El Paso Natural Gas last week filed an application to expand its system by 502 MMcf/d through an integrated project that would involve the use of existing pipeline facilities, the acquisition of transportation capacity on other pipelines, the construction of a new interconnect and the conversion to natural gas service of a crude oil pipeline.

The so-called Line No. 1903 project “would essentially provide a needed crossover between El Paso’s North System and South System mainlines, similar to the already existing Havasu Crossover,” the pipeline told FERC [CP05-2].

The centerpiece of the project is the conversion of an 88-mile segment of a former crude oil pipeline to natural gas transportation. In early 2000, El Paso Corp. purchased from Plains All American Pipeline LP a 1,088-mile crude oil transmission line that extends from Bakersfield, CA, to McCamey, TX. El Paso placed the portion of the crude oil line extending from McCamey to the Arizona/California border into gas service in late 2002. The latest project would involve a segment of the line that is primarily located within the state of California.

The Line No. 1903 project would combine existing facilities owned and operated by El Paso, Mojave Pipeline and Kern River Gas Transmission; the acquisition by El Paso of firm capacity on Mojave; the construction of a new interconnect at a point between Mojave and Line No. 1903 (the Cadiz Crossover); the modification of facilities at Kern River’s existing compressor station at Daggett, CA, to permit gas to flow east from Daggett to Mojave; and the conversion to gas service of Line No. 1903.

The cost of converting 88 miles of the crude line and construction of 6.4 miles of interconnecting pipelines will be $73.4 million, according to El Paso. It estimated that the annual cost of capacity on the Mojave and Kern River systems will be about $17.9 million. El Paso proposes to roll in the costs of the Line No. 1903 project in a future rate proceeding.

The interstate pipeline asked the Federal Energy Regulatory Commission to issue a certificate for the project by July 31, 2005, so that the expansion could go into service by no later than Dec. 31, 2005.

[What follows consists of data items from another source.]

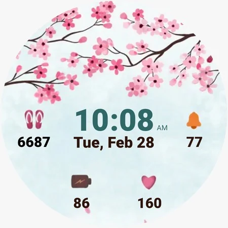 戴上这款带有淡粉色樱花花朵的动画表盘,享受春天的季节!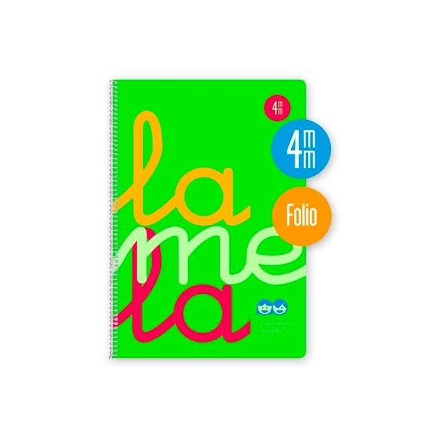 LAMELA CUADERNO ESPIRAL CUBIERTA PP 80H FOLIO CUADRÍCULA 4MM C/ MARGEN VERDE
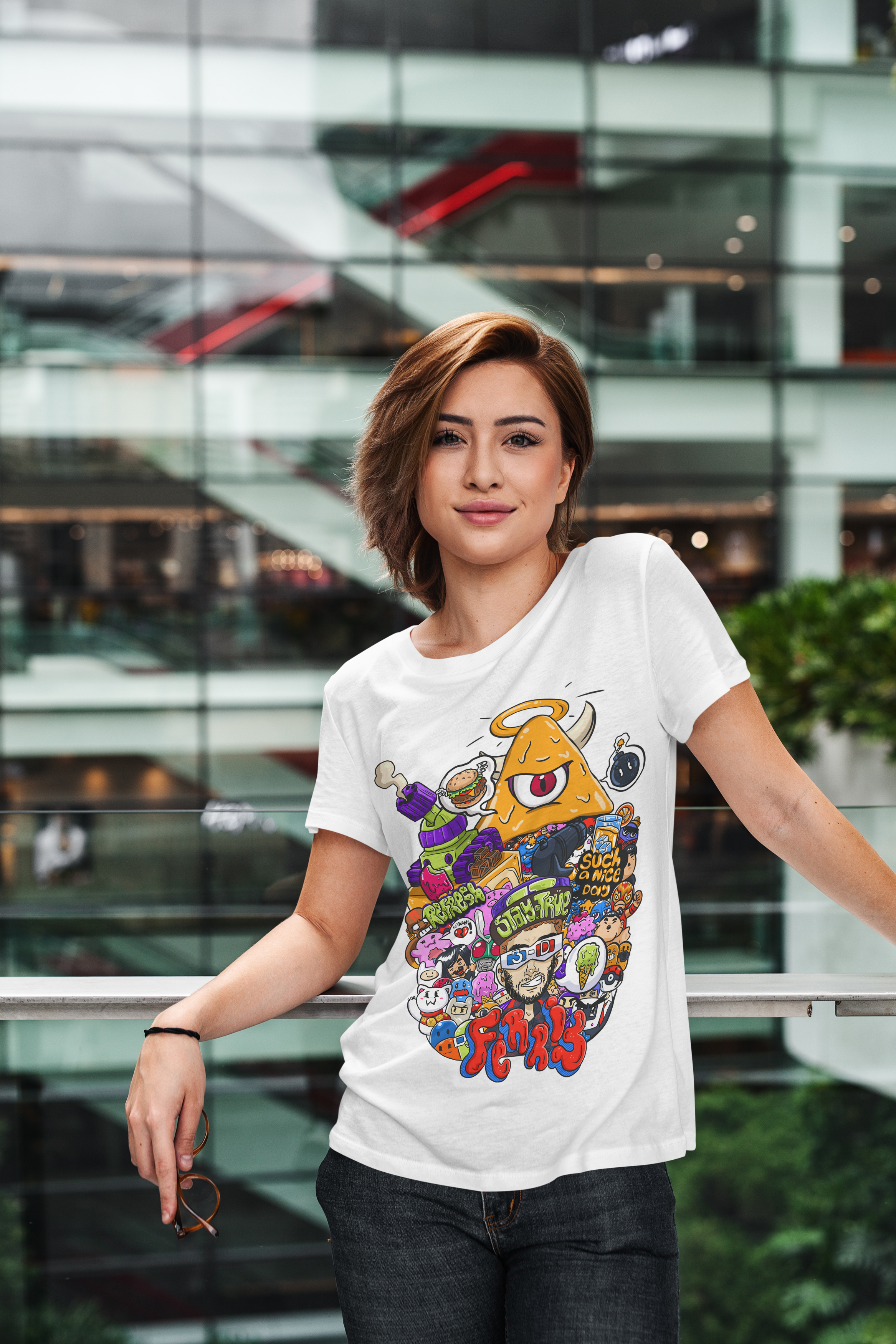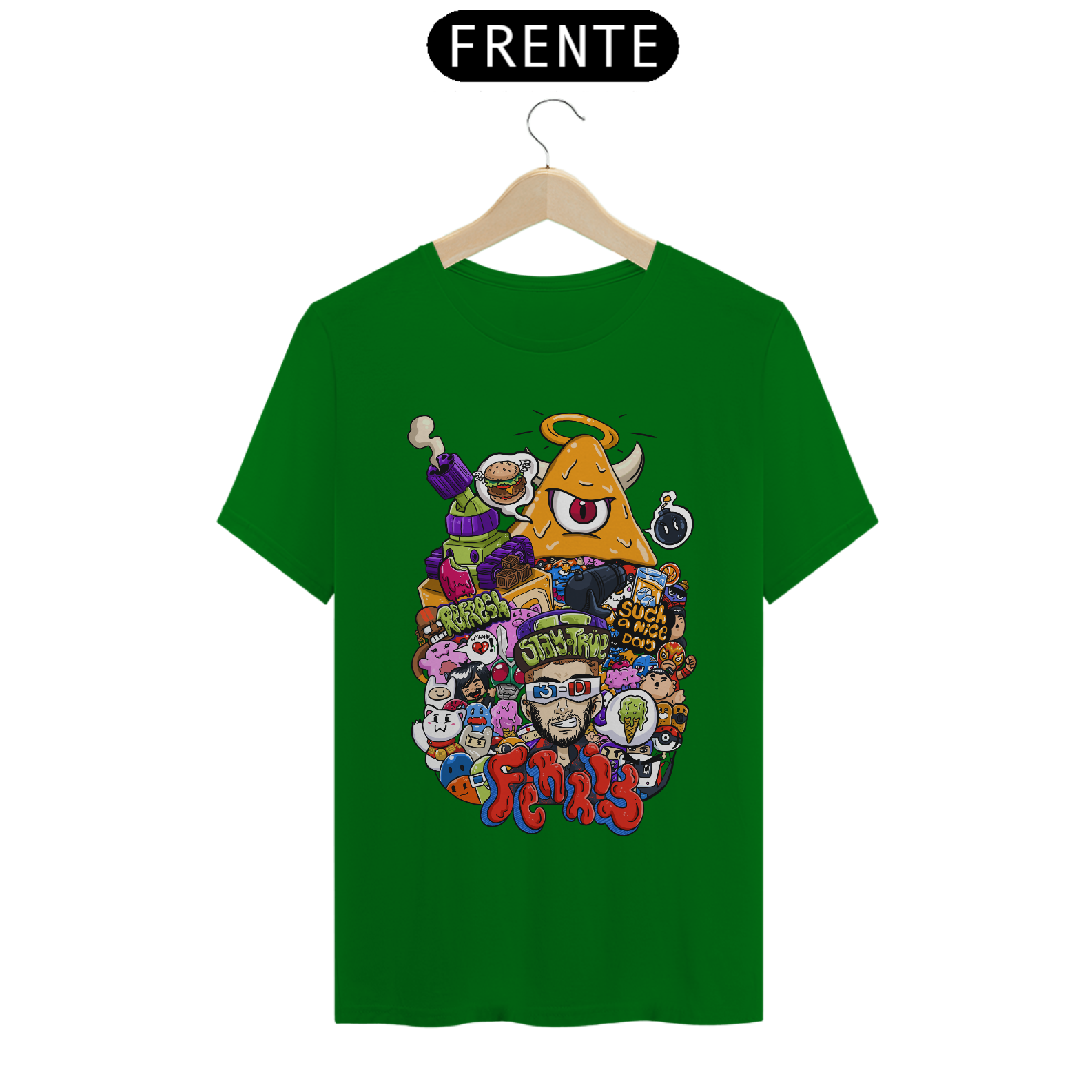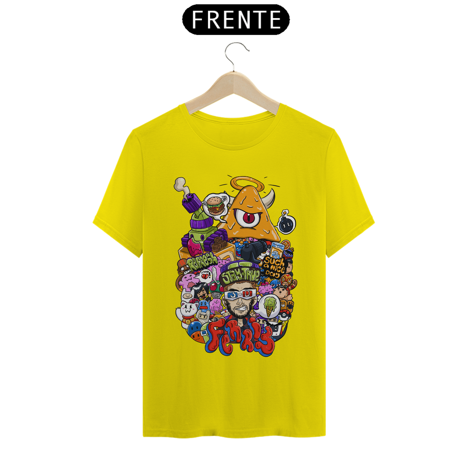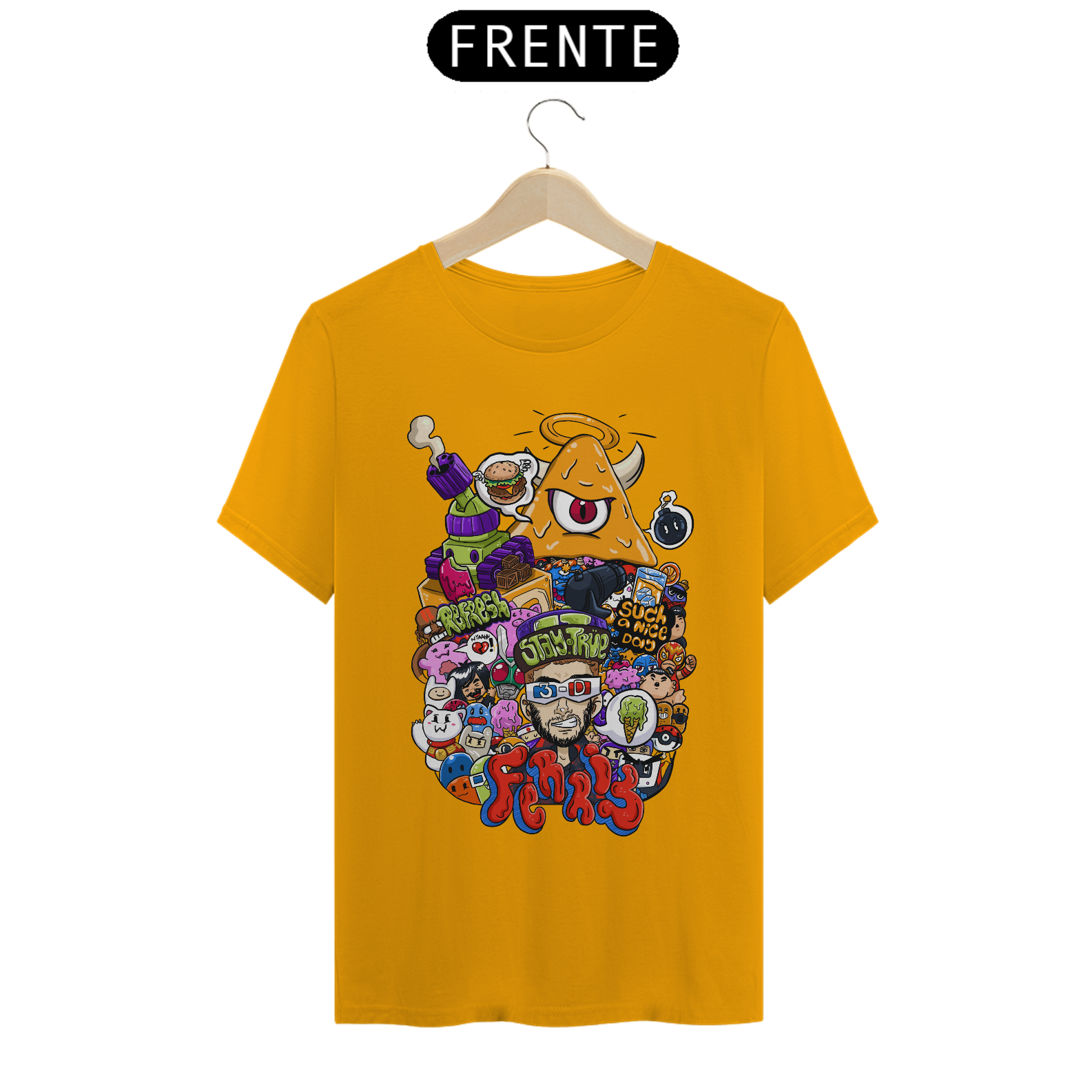 O destaque fica por conta do personagem central com óculos 3D, cercado por um universo caótico e colorido que mistura humor, estilo e originalidade. Cada detalhe da arte foi pensado para chamar atenção e transformar a peça em um verdadeiro ponto de destaque no look.

El Paso said it has acquired rights to, or will have acquired rights to, up to 312.4 MMcf/d of transportation capacity on Mojave’s system. This capacity will permit it to deliver gas to Mojave at the existing Topock point, transport on the Mojave system, and then deliver to Line No. 1903 at a proposed point of interconnection between Mojave and El Paso’s Line No. 1903 in San Bernardino County, CA, the pipeline noted.

In Bernardino County, El Paso proposes to build a 6.4-mile, 30-inch diameter crossover connecting the Mojave system to Line No. 1903. “When combined with the El Paso receipts…from the Mojave system at the Daggett point, made possible by the utilization of Kern River’s existing compression at the Daggett point, El Paso will be able to transport up to 502 MMcf/d through Line No. 1903 for deliveries to Ehrenberg, North Baja and east to Phoenix markets. Additionally, the Line No. 1903 project will allow El Paso to reduce [its] current reliance on displacement to provide firm transportation service for the North-to-South capacity prompted by El Paso’s allocation of firm rights at receipt points to its shippers.”

The project will clear the way for deliveries of up to 189,438 Mcf/d of Rocky Mountain supplies received from Kern River at Daggett via the Mojave system to Line No. 1903; the receipt of up to 182,106 Mcf/d of San Juan Basin supplies via the North System through acquired capacity on Mojave; and 130,456 Mcf/d of average annual capacity available to mitigate North-to-South displacement concerns, El Paso said.